• Delator revela que o mensaleiro José Dirceu recebia propina e tinha um jato posto à sua disposição pelas empreiteiras envolvidas no escândalo.
Rodrigo Rangel e Alexandre Hisayasu - Veja
A parte de baixo do esquema de corrupção da Petrobras já foi integralmente desvendada. Em conluio com funcionários da estatal, um grupo que reúne as maiores empreiteiras do país superfaturava seus serviços e repassava o dinheiro desviado aos partidos aliados do governo — PT, PMDB e PP. Donos de construtoras, diretores corruptos e seus operadores estão presos e, em breve, receberão suas sentenças. A nova etapa da investigação mira a parte intermediária do esquema, os destinatários dos subornos, os alvos ensaboados que, por tradição, são quase sempre bem-sucedidos na arte de driblar a lei. Pegue-se o caso do ex-ministro José Dirceu. Ele foi condenado a sete anos e onze meses de prisão por liderar os petistas envolvidos no escândalo do mensalão, ficou preso 354 dias, ganhou o direito de cumprir o resto da pena em casa e o privilégio de continuar desfrutando os milhões de dólares e reais que faturou com suas múltiplas "consultorias".

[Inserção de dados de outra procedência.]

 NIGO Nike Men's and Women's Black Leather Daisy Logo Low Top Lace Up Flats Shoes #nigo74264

Dirceu era o exemplo de como uma punição branda desperta a sensação de que o crime, para alguns, realmente compensa — ou, pelo menos, era. Na semana passada, a Justiça divulgou partes do depoimento prestado pelo doleiro Alberto Youssef. Se tudo o que ele disse for confirmado, o ex-ministro deverá considerar seriamente a possibilidade de, em breve, voltar à Papuda. Youssef contou que o mensaleiro era, ao lado de João Vaccari Neto, tesoureiro nacional do PT, destinatário das propinas do petrolão que cabiam ao partido. Na contabilidade do crime, de acordo com o delator, José Dirceu era o "Bob", codinome usado para identificar os repasses feitos diretamente ao ex-ministro. Bob é o mesmo apelido que Marcos Valério, o operador do mensalão, usava para se referir a Dirceu em suas conversas. Certamente uma coincidência.

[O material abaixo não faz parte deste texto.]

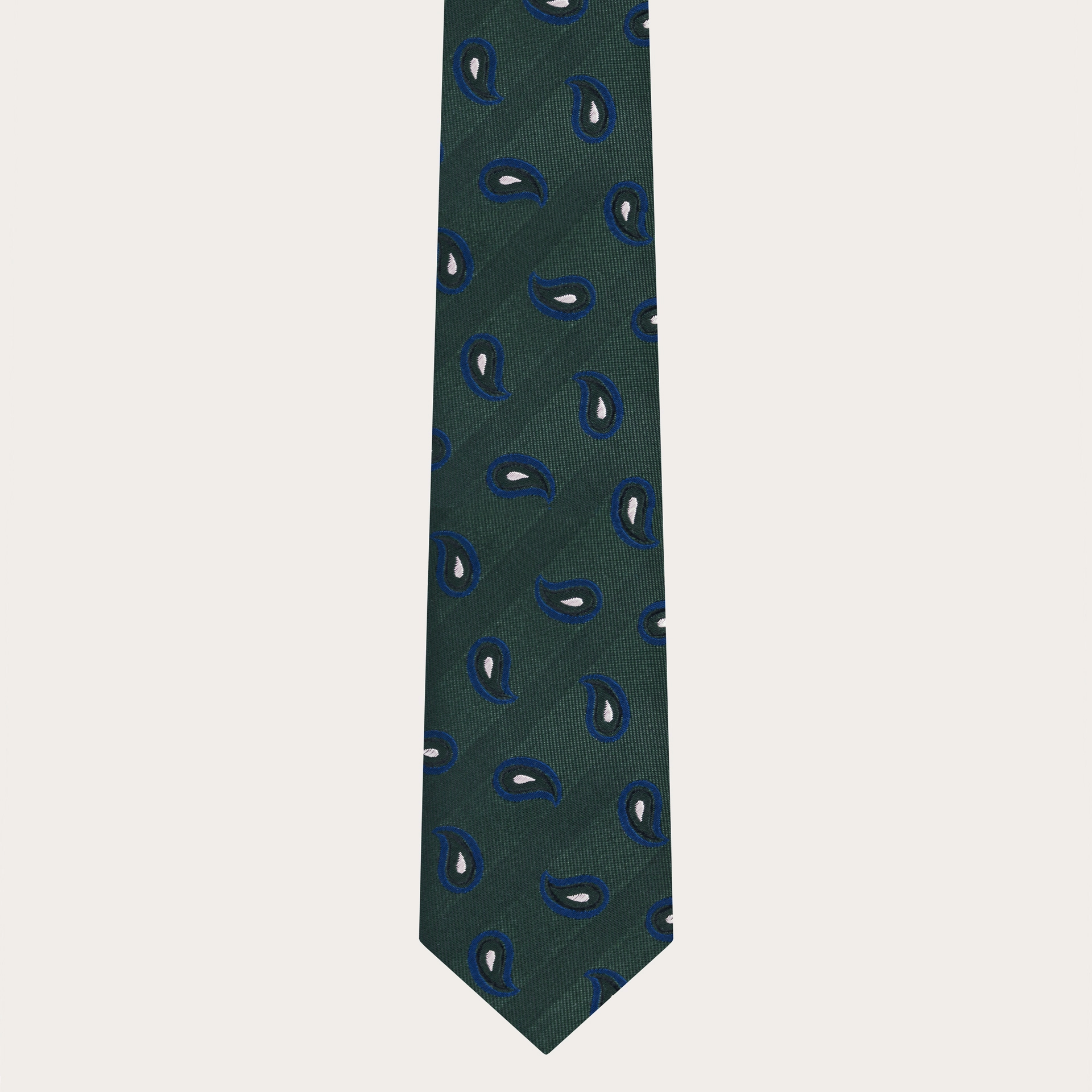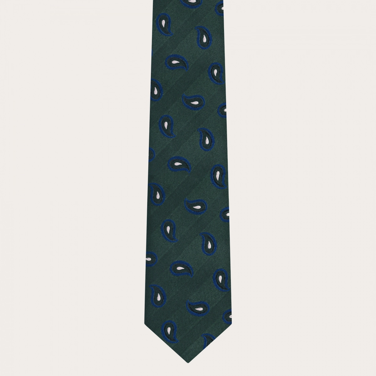 Notre cravate en soie jacquard paisley vert et bleu pour homme est un produit de haute conception, fabriqué en Italie avec de la soie fine à 99 fils. Cette cravate est synonyme de sophistication, de style et d'élégance. Parfait pour tous ceux qui veulent se démarquer avec une touche de classe, c'est une idée cadeau idéale pour l'homme moderne à la recherche d'un accessoire de qualité. Son savoir-faire et son souci du détail en font un produit unique et précieux.
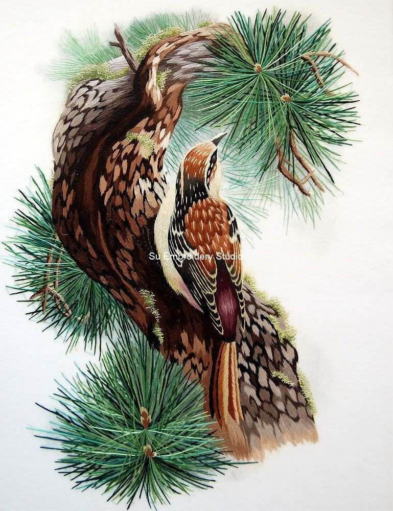 This detailed silk embroidery picture is a masterful showcase of traditional embroidery artistry, skillfully bringing to life the natural world through intricate stitching. The central focus of the embroidery artwork is a lifelike depiction of a bird perched on a textured tree branch, enveloped by vibrant green pine needles.
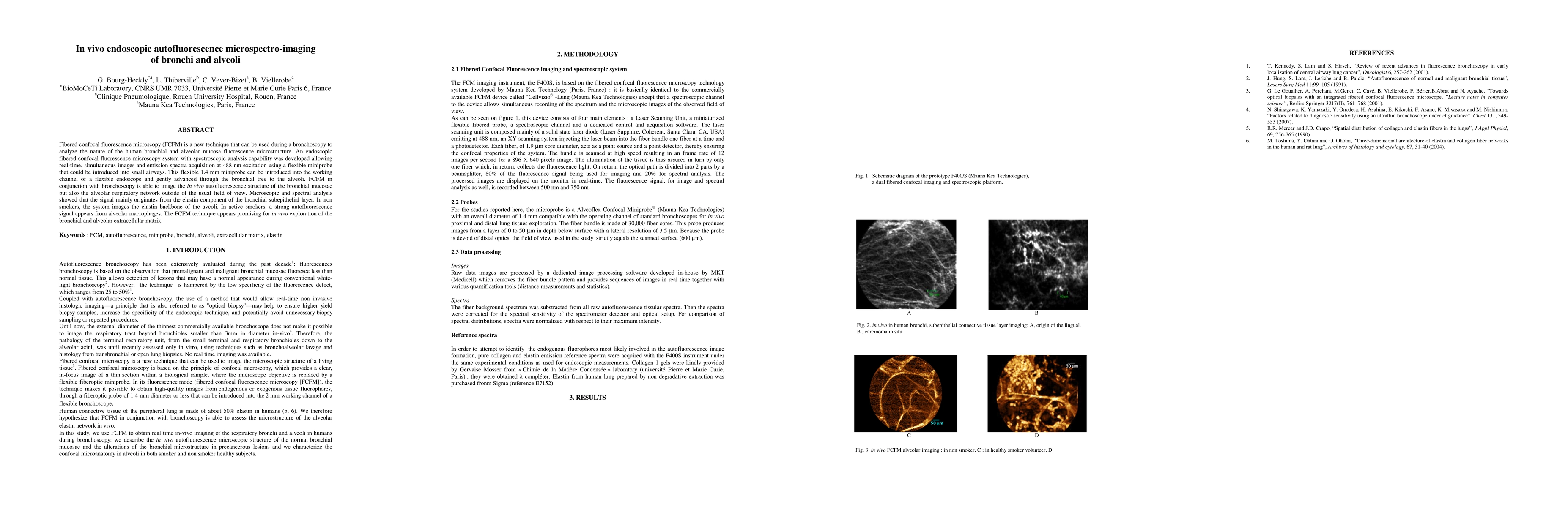 Fibered confocal fluorescence microscopy (FCFM) is a new technique that can be used during a bronchoscopy to analyze the nature of the human bronchial and alveolar mucosa fluorescence microstructure. An endoscopic fibered confocal fluorescence microscopy system with spectroscopic analysis capability was developed allowing real-time, simultaneous images and emission spectra acquisition at 488 nm excitation using a flexible miniprobe that could be introduced into small airways. This flexible 1.4 mm miniprobe can be introduced into the working channel of a flexible endoscope and gently advanced through the bronchial tree to the alveoli. FCFM in conjunction with bronchoscopy is able to image the in vivo autofluorescence structure of the bronchial mucosae but also the alveolar respiratory network outside of the usual field of view. Microscopic and spectral analysis showed that the signal mainly originates from the elastin component of the bronchial subepithelial layer. In non smokers, the system images the elastin backbone of the aveoli. In active smokers, a strong autofluorescence signal appears from alveolar macrophages. The FCFM technique appears promising for in vivo exploration of the bronchial and alveolar extracellular matrix.
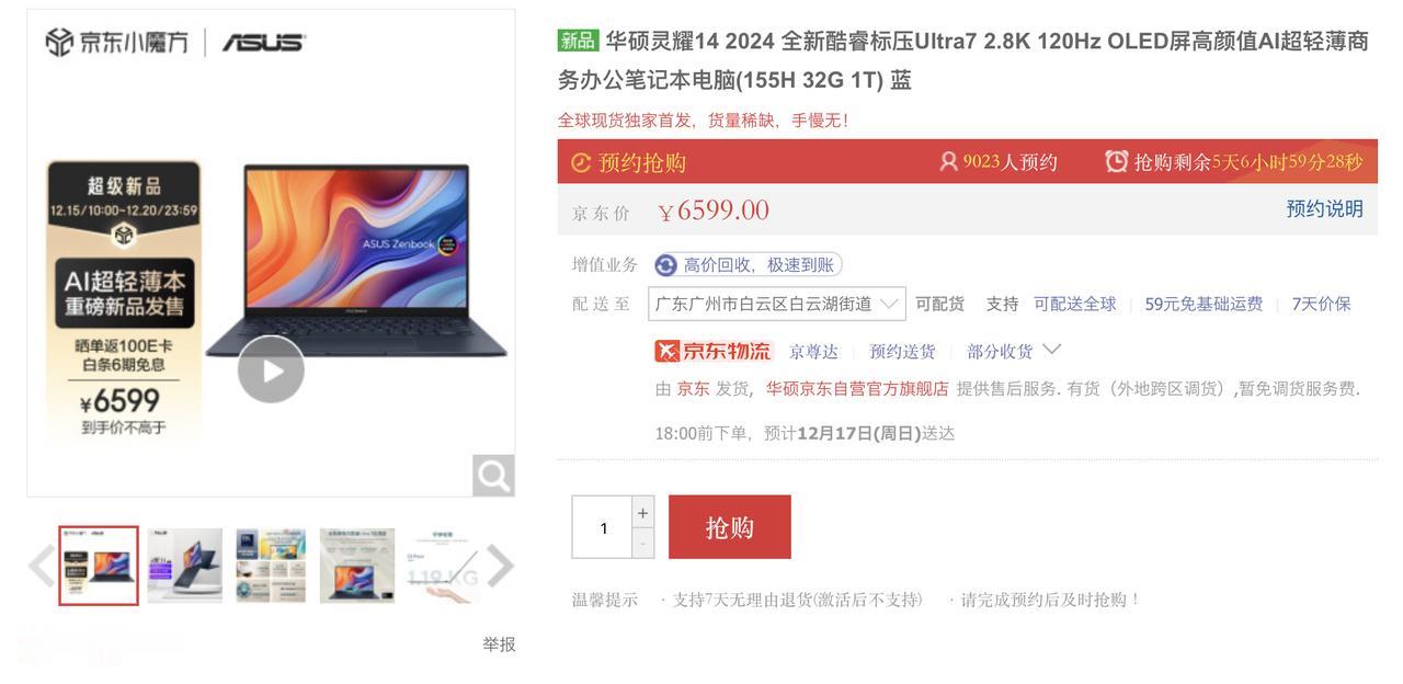首款酷睿Ultra轻薄本来了,买不买? 刚看到华硕上线了灵耀14 2024,看了下配置,感觉还是挺不错的[奸笑]首发搭载酷睿Ultra 7 155H处理器,用上了全新的Intel 4工艺,性能、能效比都提升了很多。而且还有2.8K 120Hz OLED屏幕、32GB内存+1TB存储、75Wh容量电池等配置,加上机身只有1.19kg重,确实很吸引人啊! 最后是价格,华硕灵耀14 2024目前定价是6599元,估计这个配置华硕不会一直卖这个价,说不定到时就涨价了,想买的早下手!#首款Ultra笔记本# #华硕灵耀14 2024# #AI超轻薄本#

Youssef também contou que o ex-ministro tinha ligação estreita com Julio Camargo, um dos intermediários da propina que era carreada dos contratos da Petrobras para o caixa dos partidos e o bolso de políticos. A proximidade entre os dois era tanta que o empresário deixava um jatinho executivo à disposição do ex-ministro. Aos investigadores, o doleiro relatou que a propina repassada a Dirceu era anotada nas planilhas que Julio Camargo fazia questão de deixar arquivadas, com o registro pormenorizado da corrupção. A parte que coube a Bob estaria contabilizada pelo empresário entre os 27 milhões de reais que foram destinados ao núcleo petista de 2005 a 2012. Youssef citou ainda o ex-ministro Antonio Palocci, coordenador da campanha presidencial de Dilma Rousseff em 2010, como outro elo entre o PT e Julio Camargo.

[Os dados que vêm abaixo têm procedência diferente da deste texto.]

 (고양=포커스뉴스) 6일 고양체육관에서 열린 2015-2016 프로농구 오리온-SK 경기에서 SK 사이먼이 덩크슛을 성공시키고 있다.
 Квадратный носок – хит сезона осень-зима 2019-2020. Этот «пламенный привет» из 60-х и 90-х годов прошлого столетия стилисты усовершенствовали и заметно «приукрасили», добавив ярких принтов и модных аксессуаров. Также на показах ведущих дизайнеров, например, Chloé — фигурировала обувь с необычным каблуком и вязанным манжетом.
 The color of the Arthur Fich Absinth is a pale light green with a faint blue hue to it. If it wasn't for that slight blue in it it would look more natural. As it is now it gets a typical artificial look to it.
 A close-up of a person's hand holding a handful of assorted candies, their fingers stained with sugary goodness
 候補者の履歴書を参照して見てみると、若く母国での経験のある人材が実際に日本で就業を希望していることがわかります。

A presença do ex-ministro no caso Petrobras já havia sido captada no radar dos investigadores devido a outra estranha coincidência: as empreiteiras envolvidas tinham a JD Assessoria e Consultoria, a empresa de Dirceu, como cliente. São contratos milionários por serviços vagos ou inexistentes. Além das empreiteiras, o rol de clientes do ex-ministro inclui cervejaria, fabricante de remédios e até consultorias — sim, o consultor Dirceu, de tão competente que era, recebia pagamentos até de outras empresas com atuação no mesmo ramo que o dele. Há casos de clientes que, em um curto espaço de tempo, transferiram 4 milhões de reais para as contas da empresa. O auge do faturamento foi no ano eleitoral de 2010. O que será que um consultor — advogado que mal exerceu a profissão, político formado sob ideais anacrônicos de Fidel Castro e condenado por corrupção — pode oferecer de tão valioso às maiores empresas brasileiras?
A resposta vem justamente de um dos contratantes, o engenheiro Gerson Almada, presidente da Engevix, uma das empreiteiras envolvidas com os desvios na Petrobras. Preso há três meses, ele disse a pessoas próximas que a empresa sempre foi obrigada a pagar propina ao ex-ministro José Dirceu. Em troca dos contratos que firmou com a Petrobras e também para garantir a influência do ex-ministro nos contratos futuros. A Engevix é uma das construtoras que figuram na lista de clientes da JD Consultoria. Almada confirmou a esses interlocutores que as "consultorias" eram uma forma de lavar o dinheiro da propina paga ao petista. Antes de Almada, Ricardo Pessoa, o dono da UTC, outra empreiteira envolvida, já havia revelado que assinara um contrato milionário com a JD Consultoria a pedido de João Vaccari, o tesoureiro do PT. Ou seja, se o caso da Engevix e o da UTC não forem exceções, as múltiplas e milionárias consultorias do ex-ministro não passam mesmo daquilo que se imagina.
O ex-ministro José Dirceu negou que sua consultoria tenha servido a operações ilegais. A amigos, ele confidenciou que tem uma carteira de aproximadamente sessenta clientes, incluindo as maiores empresas brasileiras. Afirma ter recibos, notas fiscais e documentos para comprovar que sua atividade é totalmente lícita. Em nota divulgada por sua assessoria, ele negou ter recebido propina das empresas, disse que "nunca" representou o PT em negociações com o executivo da Toyo Setal Julio Camargo e ainda acusou o doleiro Alberto Youssef de mentir no processo de delação premiada. "As declarações são mentirosas. O próprio conteúdo da delação premiada confirma que Youssef não apresenta qualquer prova nem sabe explicar qual seria a suposta participação de Dirceu", registra a nota. Sobre o uso do jato particular de Julio Camargo, Dirceu afirmou que, "depois que deixou a chefia da Casa Civil, em 2005, sempre viajou em aviões de carreira ou por empresas de táxi aéreo". O mensaleiro só não revela o mistério que leva tanto empresários renomados quanto conhecidos trapaceiros a pagar até 4 milhões de reais por um serviço invisível.